Today we start a series on the results from our latest SME surveys. We have data from our statistically representative cross sections of 26,000 businesses, from small part-time businesses up to well established firms. This data feeds our SME reports, and we are working on the next edition, though the 2015 version is still available and is available on demand. This is a top-level summary of our findings, the detailed analysis is available for our paying clients.
We begin today with some basic facts about the sector, before we look at their levels of confidence, use of technology, borrowing needs and propensity; and hiring plans. We find that many businesses continue to struggle with tight cash-flows and are unable or unwilling to borrow more to help grow their businesses. Debtor days are increasing for many, as larger firms, and government departments are settling their invoices on more extended terms. Switching between banks is still relatively rare.
The state of SME’s are important because around 5 million households are reliant in income from them, and when they fire, they can become a significant growth engine. We will also, later, discuss the state by state variations, which are significant.
So to begin. There are more than 2.2 million small and medium businesses. Many are located in the main urban centres, but there is also a smattering across the regions as well.
When we look across an industry classification, we see that the largest segment of the market is construction, then technical, and then real estate and rentals. Property and construction related activity provides employment to more than one third of businesses, directly or indirectly.

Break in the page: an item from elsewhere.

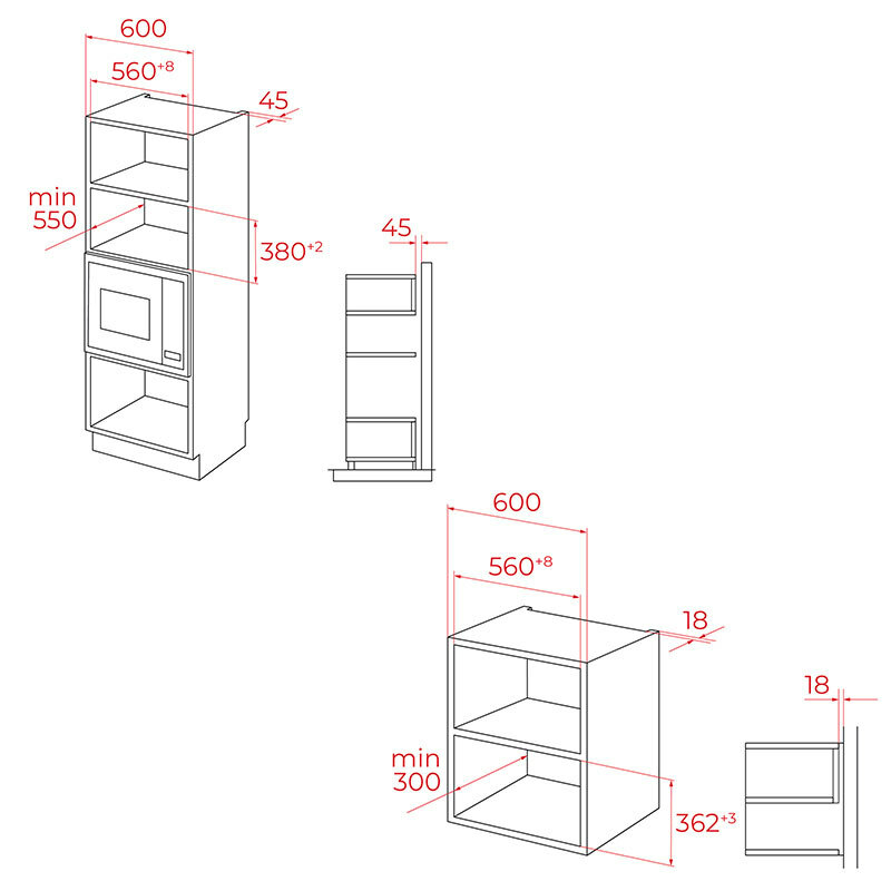 Mandos de acero inoxidable con frente negro Panel de mandos de cristal Panel de mandos mecánico 5 Niveles de potencia, 800 W Capacidad: 20 litros Interior en acero inoxidable

At this point we introduce our SME segmentation model. Segmentation is essential when looking at the SME sector, because the businesses are so varied. Our model takes account of a number of elements, including purpose of the business, length of time trading, history of the principle and number of employees. Here is a brief summary.
Hobbyists are running part-time businesses, for example trading on eBay, doing a few hours in the “gig” economy, or doing it just for fun.
Career Switching Start-ups are new businesses created by people who, either from choice, or redundancy have decided to start their own business.
Cold Start-ups are new businesses, starting from scratch, with limited experience and funds.
Cash-strapped Sole Traders are businesses who have been trading for some time, but are finding it difficult to maintain a balance of selling and delivering to customers. Many are in the construction sector.
Stable Contractors are businesses who have been trading for longer and are in a more stable condition. Many will be sole-traders.
Established Service Contractors are more resilient, and often employing business, with a track record, and established customer base.
Professional Independents are self-employed qualified individuals, working in a number of professions, from medicine, law, financial services to vets.
Growing Business, are on the move, seeking to expand and extend. They are mainly employing businesses.
Business in Transition are those seeking to change, from for example, sole trader to a company, or commence international trading.
Mature Steady State businesses are well established firms, where the focus is not on growth, but on keeping the business running efficiently.
Finally, Large Established Firms are those with large number of employees, a successful track record of trading, and an established brand.
The relative distribution across these segments is shown below. This highlights the effectiveness of the segmentation.
The time trading has a significant impact on the segmentation, as you might expect.
We also find the age of the principal varies across the segments.